Lifestyle

Chef Noriyuki Sugie's lavash cracker

IT'S a beautifully flamboyant cracker -- a big square of a cracker, almost the size of a sheet of paper, topped with swaths of white sesame seeds, fiery-russet Japanese shichimi pepper and black-green nori powder. And it's elegant too -- thin and super-crisp and light.

This dashing cracker, based on L.A. bakery Breadbar's lavash, sprang out of a collaboration between chef Noriyuki Sugie and Breadbar head baker Nicolas Laugé. Sugie, formerly of Tetsuya in Sydney and Asiate in New York, created the crudo menu for Breadbar that is being served until mid-July (Sugie was a guest chef until May 15 but will continue to consult on the menu) -- dishes such as yellowtail with grated lemon grass, hijiki and hibiscus ponzu, or cherry leaf-cured Tai snapper with green papaya, pomelo salad and cherry blossom emulsion.
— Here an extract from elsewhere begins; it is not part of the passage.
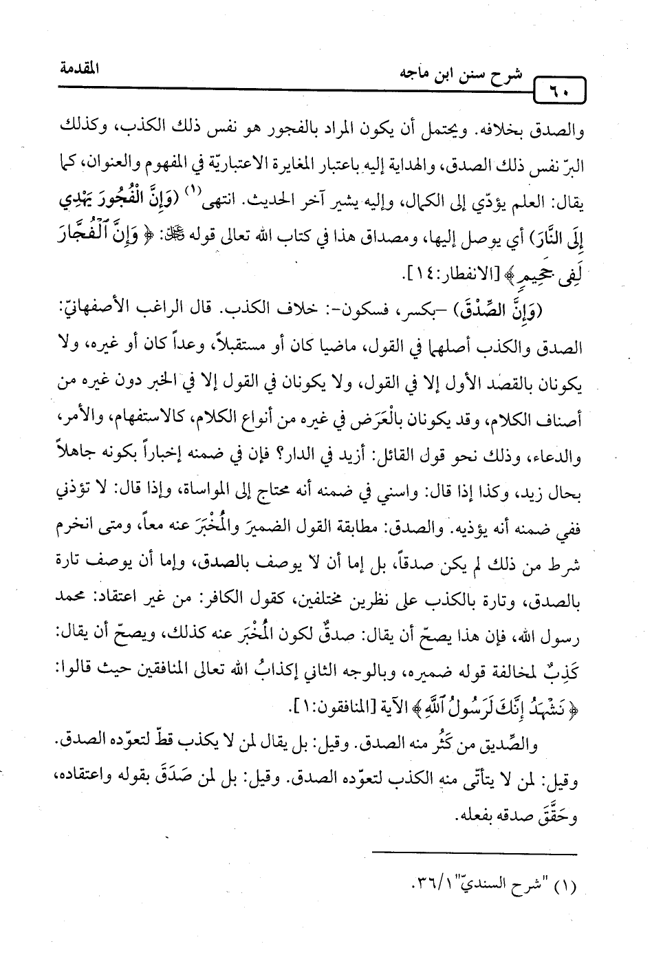 (وَإِنَّ الصِّدْقَ) -بكسر، فسكون-: خلاف الكذب. قال الراغب الأصفهانيّ: الصدق والكذب أصلهما في القول، ماضيا كان أو مستقبلًا، وعدًا كان أو غيره، ولا يكونان بالقصد الأول إلا في القول، ولا يكونان في القول إلا في الخبر دون غيره من أصناف الكلام، وقد يكونان بالْعَرَض في غيره من أنواع الكلام، كالاستفهام، والأمر، والدعاء، وذلك نحو قول القائل: أزيد في الدار؟ فإن في ضمنه إخبارًا بكونه جاهلًا بحال زيد، وكذا إذا قال: واسني في ضمنه أنه محتاج إلى المواساة، وإذا قال: لا تؤذني ففي ضمنه أنه يؤذيه. والصدق: مطابقة القول الضميرَ والمُخْبَرَ عنه معًا، ومتى انخرم شرط من ذلك لم يكن صدقًا، بل إما أن لا يوصف بالصدق، وإما أن يوصف تارة بالصدق، وتارة بالكذب على نظرين مختلفين، كقول الكافر: من غير اعتقاد: محمد رسول الله، فإن هذا يصحّ أن يقال: صدقٌ لكون المُخْبَر عنه كذلك، ويصحّ أن يقال: كَذِبٌ لمخالفة قوله ضميره، وبالوجه الثاني إكذابُ الله تعالى المنافقين حيث قالوا: {نَشْهَدُ إِنَّكَ لَرَسُولُ اللَّهِ} الآية [المنافقون: 1].

Sugie, who is working on opening a San Francisco ryokan (a Japanese inn) that will be a forum for dining events, is a man of many details. As guest chef at Breadbar, he brought his own sommelier, his own DJ and his own tableware, which he designed for a Japanese china company. "I like paying attention to the little things, I like designing everything," Sugie says. Including crackers. "I wanted something light, with a lot of flavor and texture. I like the cracking, the touching, the sound" of it when you break off a piece.
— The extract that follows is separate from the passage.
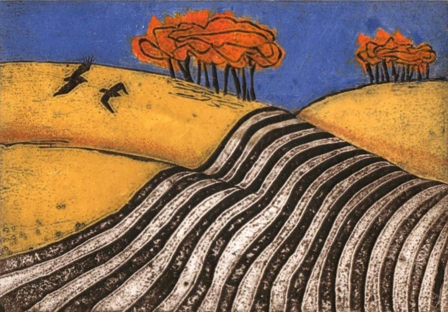 This small collagraph would sit comfortably anywhere in the home environment and still create a big impact due to the colours she has used.

He calls nori powder (finely ground seaweed) and shichimi (a "seven flavor" blend of ground chile pepper, orange peel, sesame seed, poppy seed, hemp seed, nori and sansho pepper) his "secret ingredients" -- mixing nori powder with salt or mayonnaise or mashed potatoes, adding a little shichimi to a beurre blanc.

They're fantastic on the lavash; the shichimi is spicy and the nori is minerally rich and tastes of the ocean. The lavash itself is easy to make -- yeast, sugar, a little olive oil, flour and salt. Once the dough is rolled out, brush it with olive oil and sprinkle it with the sesame seeds, nori and shichimi. In the oven, the crackers turn crisp and golden, and they bubble slightly to glorious effect. You might be tempted to hang one on the wall.